1.
Четвёртый час. И ели стали глубже,
и гуще ночь, и еле различим
на столике полуживом недужный
сиятельный сентябрьский георгин.
На даче спят. Река течёт лениво.
Я перебрал, подобно чёткам, дни
нечёткие, что лето подарило
средь несерьёзной дачной суетни.
Нечёткие? Забытые? Пустые?
Колеблются, как чашечки весов,
высокие цветы на длинных выях
под щёлканье отживших языков.
«Dum spiro, spero…» – повторяю. Ночью
так сладок воздух и горька латынь.
Мы подлинник сменили на подстрочник,
решив, что он отныне господин.
Но всё же, всё же, как призывно звучно
в ночи летят изгнания слова…
Корабль плывёт. Овидий дышит тучный.
И ночь моя, как и латынь, – мертва.
2.
Читаю «Тристии»... Уже в который раз...
Плывёт латынь в оранжевые сосны...
За что мне эта пагубная страсть:
перебирать назоновский вопросник?..
Там холодно... А здесь почти тепло...
Страницу заложив иглой сосновой,
я думаю о том, что отцвело
и что чему является основой...
Что я ищу?.. Какой сегодня век?..
Цветы молчат... Тяжёлой каплей виснет
упрямый шмель, замысливший побег
от жадности цветов в дыханье «Тристий»...

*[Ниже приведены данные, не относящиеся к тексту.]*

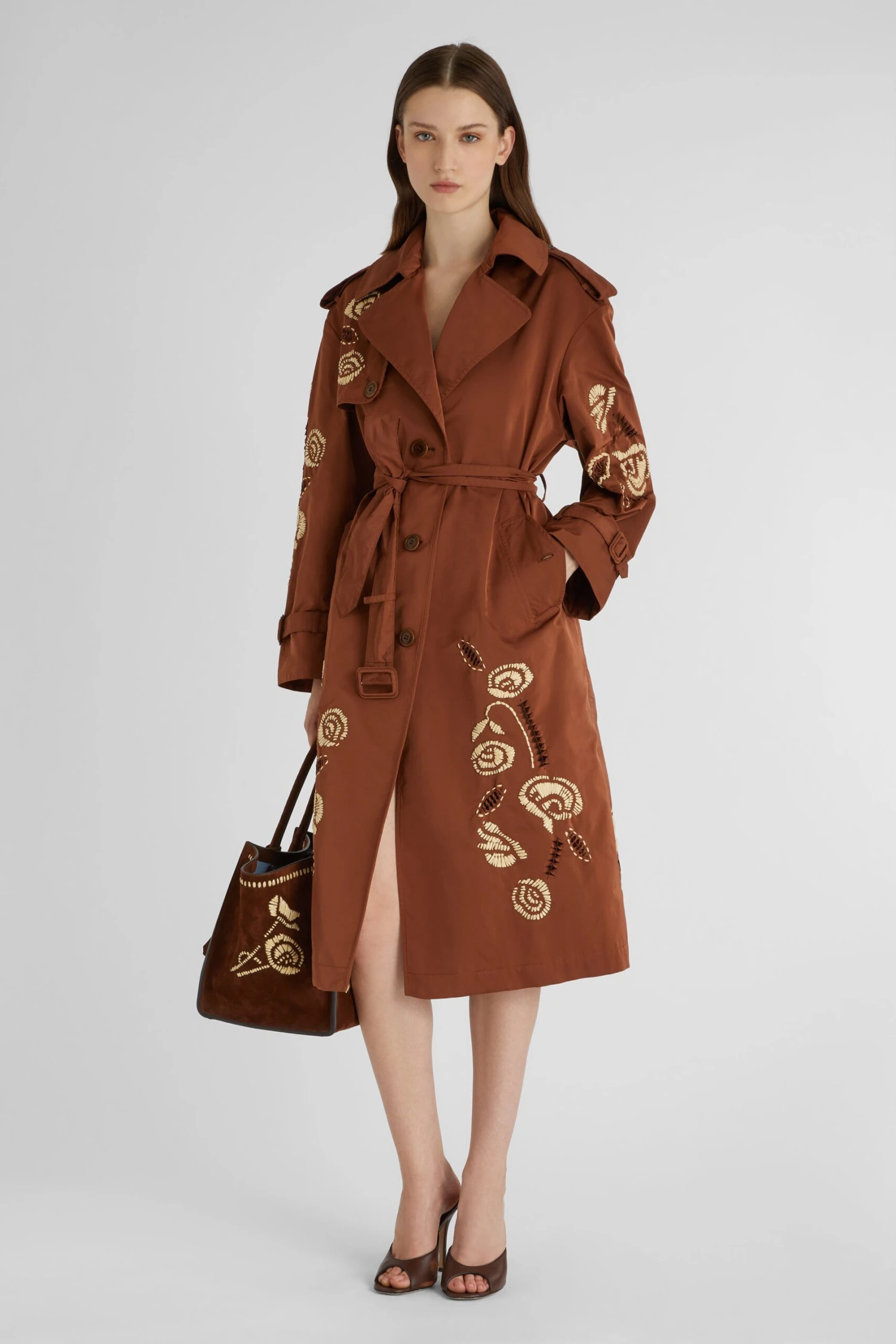 ERMANNO SCERVINO Midi Trench Coat In Technical Fabric With Handmade Embroidery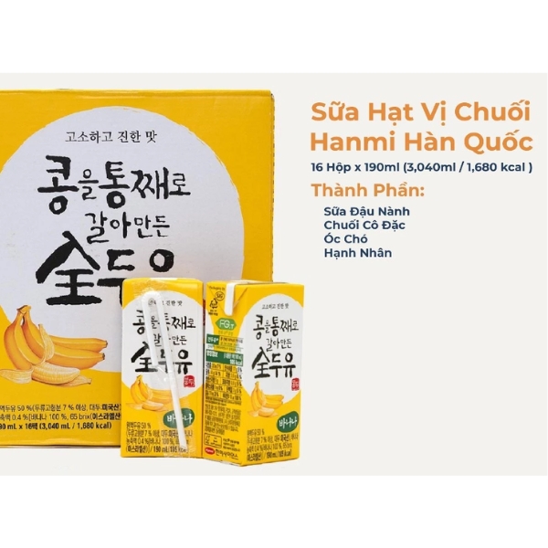 Sữa hạt vị chuối Hanmi là một sản phẩm dinh dưỡng tiện lợi, được ưa chuộng tại thị trường Hàn Quốc. Điểm nổi bật của sản phẩm này là sự kết hợp giữa các loại hạt bổ dưỡng và hương vị chuối tự nhiên.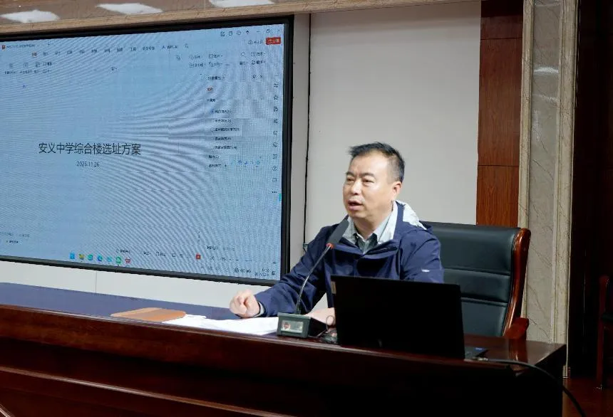 表彰的暖意尚未褪去,校园发展的美好蓝图已徐徐铺展。杜建港副书记手持规划图纸、配合清晰的PPT 演示,为全体教职工细致解读综合楼规划方案。从‘适配教学需求、兼顾教研便利‘ 的规划理念,到涵盖教学辅助空间、专属教研区域、多功能活动场所的功能布局,再到明确的建设时序与‘优化办学条件、赋能教育发展‘的预期成效,每一项内容都讲解得细致入微。台下教职工认真聆听、不时颔首,脑海中渐渐勾勒出综合楼拔地而起的模样 ——未来,这里将成为教师教研探讨的新阵地、学生成长赋能的新空间,这份规划不仅是校园硬件的升级,更承载着学校高质量发展的期许。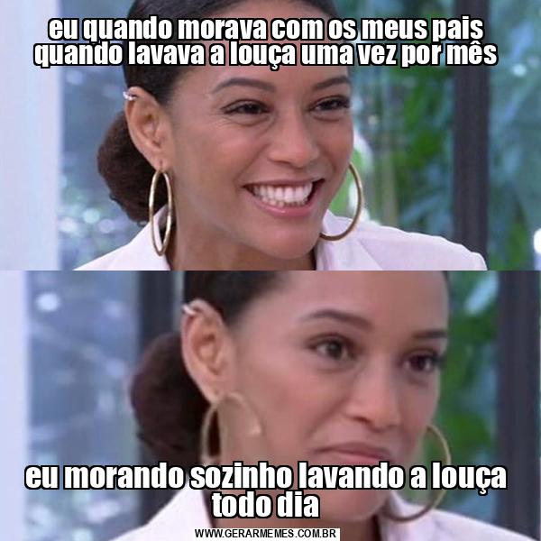 eu quando morava com os meus pais quando lavava a louça uma vez por mês eu morando sozinho lavando a louça todo dia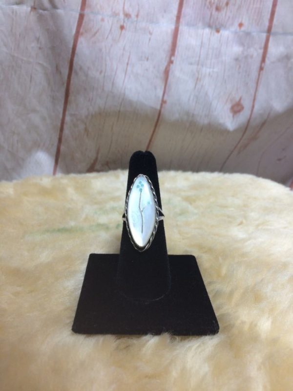 OVAL SHAPED OPAL RING W/ FLOWER DESIGN & SILVER METAL MOUNTING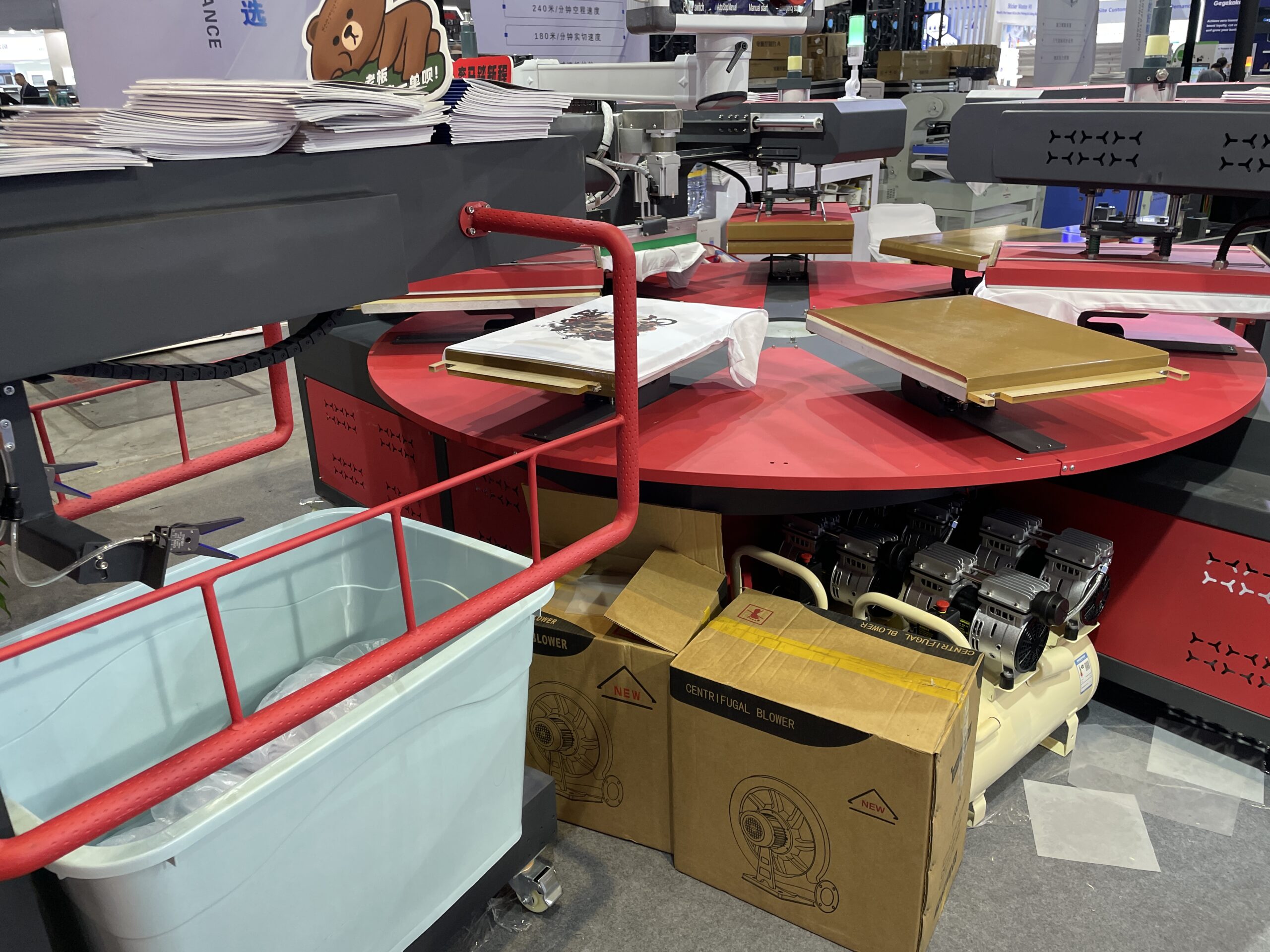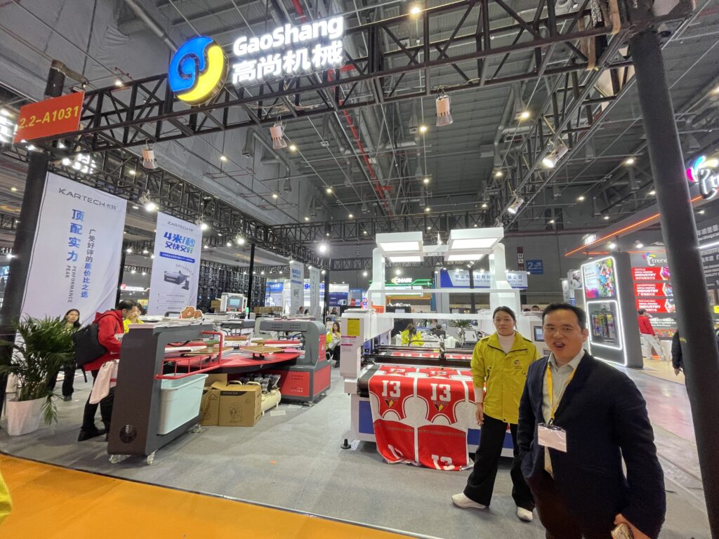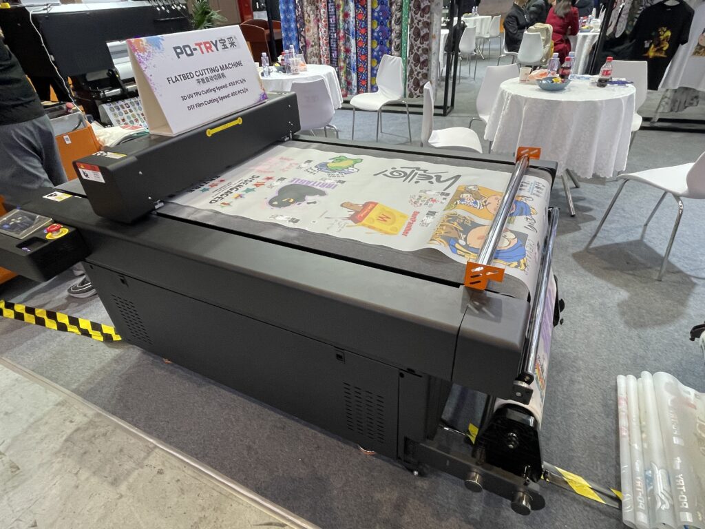 高尚機械は、東莞市のプリンティング向けデジタル機器メーカー。PDF用のオーバルタイププレス機を展示。プラテン7台で、フィルムから布地への転写を効率的に行えるという。2のプラテンを用いて交互にプレスするタイプもあった。またカメラ付きのカッティングプロッターも紹介しており、こちらは1万8,500ドル。

А в небе догорают облака...
День уместился голубем в ладонях.
И не из «Тристий» плавает строка
над головой в вечнозелёных кронах:
«Quo vadis, жизнь?..» А сосны горячи,
и кукушонок плачет безответно,
и солнечные падают лучи
на лист бумажный сквозь круженье веток...
Цветы молчат... И солнце – отцвело.
Латыни эхо вторит мне: «...грядеши...»
Назон, спеши!.. Отправь и мне письмо...
Я, как и ты, у моря – безутешен...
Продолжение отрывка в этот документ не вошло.